= Directions for this task =
Could you retype the whole listing word for word and drop the images?

(Data records Opens)

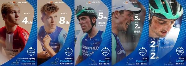在迪卡侬专业装备的技术加持下,迪卡侬AG2R车队本赛季成绩可圈可点,车手突围总里程达12,690公里,领先次席超1,000公里,展现了世界级职业车队的综合实力。车手们在多个赛段中表现亮眼:古典赛车手斯坦・德伍尔夫(Stan DEWULF)在崇左-靖西赛段展现顽强斗志,全程突围领先主集团170公里,荣膺"敢斗奖",随后在巴马—金城江赛段,他再度发力,持续突围162公里,多次斩获爬坡与冲刺积分,蝉联"敢斗奖",最终稳居爬坡积分总榜第三名;冲刺手维克多・拉菲(Victor LAFAY)在号称"皇后赛段"的宜州—弄拉赛段及南宁城市赛段中强势冲出重围,全程领跑追击集团,最终荣获个人总成绩第二名;古典赛车手皮埃尔・戈瑟拉(Pierre GAUTHERAT)以稳定的发挥,最终荣获单赛段排名第六位;古典赛车手拉斯缪斯・索伊贝里・彼得森(Rasmus Søjberg PEDERSEN)与冲刺手詹卢卡・波莱弗利耶(Gianluca POLLEFLIET)亦发挥出色,在首个防城港城市赛段中分别斩获第四名和第八名。值得一提的是,全能型车手南斯・彼得斯(Nans PETERS)将环广西世巡赛作为告别之战,曾深度参与了VAN RYSEL公路车锁鞋开发的他,将竞技热血发挥到最后一刻,在南宁城市赛段一路坚持突围接近100公里,为职业生涯画上了圆满句号。
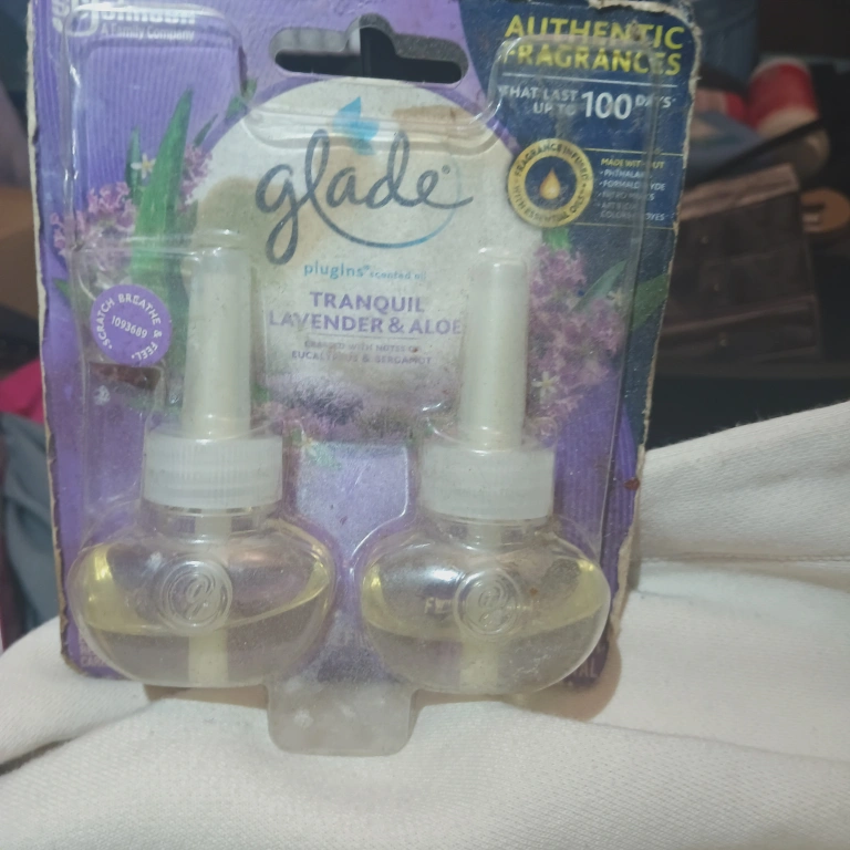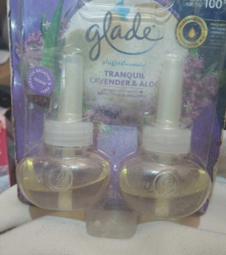 Selling a Glade Plugins Scented Oil refill in Tranquil Lavender & Aloe. It's designed to last up to 100 days. Infused with essential oils, it's made without phthalates, formaldehyde, or artificial colors. Get ready to scratch, breathe, and feel!
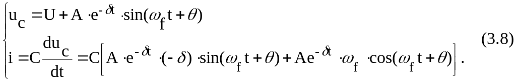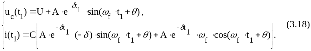 В случае колебательного режима uc(t) и i(t) описываются системой (3.8), в которой и А рассчитываются с помощью (3.19), (3.20).
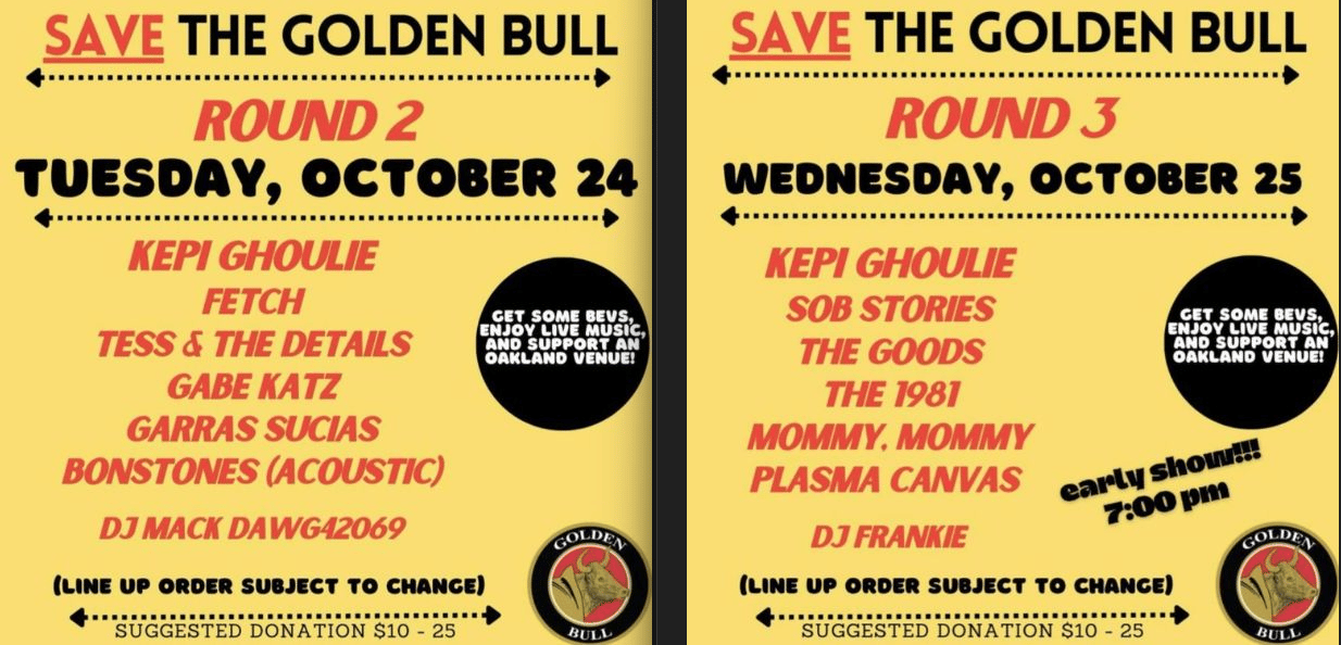 Golden Bull Benefit Party10/24-10/25 | The Golden Bull | 412 14th St, Oakland | 7 pm | $10-25 suggested donation
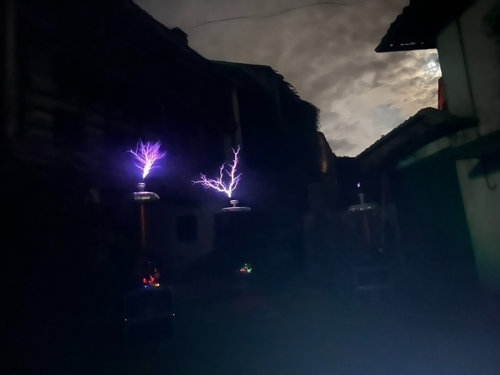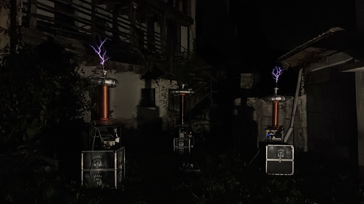 VoltagePyromania is a unique project that combines science, music, and visual performance, transforming the power of electricity into art. At the heart of the scene are the Tesla Coils, instruments capable of generating extremely high-voltage discharges that, when precisely controlled, become sounds and melodies. Without amplifiers or speakers, the plasma vibrates as if it were an invisible string, giving life to a true “symphony of lightning.” Each discharge is a note, every variation a timbre, and every sequence a rhythm capable of transforming energy into pure music.

(Data records Closes)

= Response box =
在迪卡侬专业装备的技术加持下,迪卡侬AG2R车队本赛季成绩可圈可点,车手突围总里程达12,690公里,领先次席超1,000公里,展现了世界级职业车队的综合实力。车手们在多个赛段中表现亮眼:古典赛车手斯坦・德伍尔夫(Stan DEWULF)在崇左-靖西赛段展现顽强斗志,全程突围领先主集团170公里,荣膺"敢斗奖",随后在巴马—金城江赛段,他再度发力,持续突围162公里,多次斩获爬坡与冲刺积分,蝉联"敢斗奖",最终稳居爬坡积分总榜第三名;冲刺手维克多・拉菲(Victor LAFAY)在号称"皇后赛段"的宜州—弄拉赛段及南宁城市赛段中强势冲出重围,全程领跑追击集团,最终荣获个人总成绩第二名;古典赛车手皮埃尔・戈瑟拉(Pierre GAUTHERAT)以稳定的发挥,最终荣获单赛段排名第六位;古典赛车手拉斯缪斯・索伊贝里・彼得森(Rasmus Søjberg PEDERSEN)与冲刺手詹卢卡・波莱弗利耶(Gianluca POLLEFLIET)亦发挥出色,在首个防城港城市赛段中分别斩获第四名和第八名。值得一提的是,全能型车手南斯・彼得斯(Nans PETERS)将环广西世巡赛作为告别之战,曾深度参与了VAN RYSEL公路车锁鞋开发的他,将竞技热血发挥到最后一刻,在南宁城市赛段一路坚持突围接近100公里,为职业生涯画上了圆满句号。
 Selling a Glade Plugins Scented Oil refill in Tranquil Lavender & Aloe. It's designed to last up to 100 days. Infused with essential oils, it's made without phthalates, formaldehyde, or artificial colors. Get ready to scratch, breathe, and feel!
 В случае колебательного режима uc(t) и i(t) описываются системой (3.8), в которой и А рассчитываются с помощью (3.19), (3.20).
 Golden Bull Benefit Party10/24-10/25 | The Golden Bull | 412 14th St, Oakland | 7 pm | $10-25 suggested donation
 VoltagePyromania is a unique project that combines science, music, and visual performance, transforming the power of electricity into art. At the heart of the scene are the Tesla Coils, instruments capable of generating extremely high-voltage discharges that, when precisely controlled, become sounds and melodies. Without amplifiers or speakers, the plasma vibrates as if it were an invisible string, giving life to a true “symphony of lightning.” Each discharge is a note, every variation a timbre, and every sequence a rhythm capable of transforming energy into pure music.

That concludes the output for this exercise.